Reviewed by GREG KING
Director: Ari Aster
Stars: Florence Pugh, Jack Reynor, Will Poulter, Vilhelm Blomgren, William Jackson Harper.
This disturbing horror film is the sophomore feature from Ari Aster, whose previous film was Hereditary, which was regarded as one of the best horror films of recent years.
The film is set mainly in an isolated Swedish community that is celebrating their harvest with a special nine-day festival that is held only once every ninety years. Along to witness the celebrations is American psychology student Christian (Jack Reynor, from Sing Street, etc), who has been invited by his friend Pelle (Vilhelm Blomgren in his film debut), an exchange student. Christian also brings along his girlfriend Dani (Florence Pugh), a graduate student who is still reeling from the suicide of her parents.
Christian and Dani head off to the secluded community known as the Harga. The Harga have their own language, customs, history and traditions. Christian, Dani and Pelle are accompanied by fellow anthropology student Josh (William Jackson Harper, from Paterson, etc), who is writing a thesis on European midsummer rituals and folklore, and Mark (Will Poulter, from The Maze Runner series, etc), who just wants to get laid. Pelle, who grew up in this isolated community is keen to reconnect with his family.
The group experiences community meals, some strange and archaic seeming rituals and ceremonies. But an increasing sense of dread permeates the gathering as what starts out as a series of benign rituals soon takes a turn into more malevolent and unsettling territory. The rituals become more pagan in nature, and there are a couple of high impact gory deaths that further unsettle our protagonists. But the Harga elders have logical and plausible explanations for everything that occurs.
Written by Aster, this is a disquieting and dark tale that explores some big ideas and themes about culture, the clash of cultures, tradition, cults, and even relationships.

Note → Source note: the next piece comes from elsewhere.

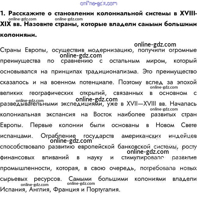 Готовые домашние задания по Истории за 11 класс Учебник Загладин, Петров Инновационная школа Базовый уровень 2014 - Вопросы в начале параграфа §8. Колониализм и обострение противоречий мирового развития в начале XX в. 1

Midsommar is a slow burn and deliberately paced and disturbing horror film as it works towards its denouement. The film’s ending seems heavily influenced by Robin Hardy’s 1973 cult classic The Wicker Man. Aster’s direction is quite stylish, and there are some viscerally unsettling moments. Usually most horror films are set at night or in dark creepy locations, but here the days are long, with long hours of daylight that somehow become creepy in Aster’s hands.
Cinematographer Pawel Pogorzelski (who worked with Aster on the visuals of Hereditary, etc) creates an evocative atmosphere with his bright sun saturated visuals, often working with long takes, and close ups that gives the material a claustrophobic feel. There are some effectively unsettling special effects as well. The bucolic village is effectively brought to life with some unique production design from Henrik Svensson and some elaborate costumes from Andrea Flesch.
Pugh, who had such a chilling presence in Lady Macbeth, again brings a strong emotional quality to her character, who is still struggling with a sense of loss and grief. Some in the audience may also struggle to accept her final decision. English actor Poulter is given surprisingly little to do here as the arrogant and horny Mark, and his presence barely registers.
At a leisurely 147 minutes, and without any real jump scares, Midsommar may not be to everyone’s taste, but it certainly takes audiences out of their comfort zone and into territory not often seen on the screen.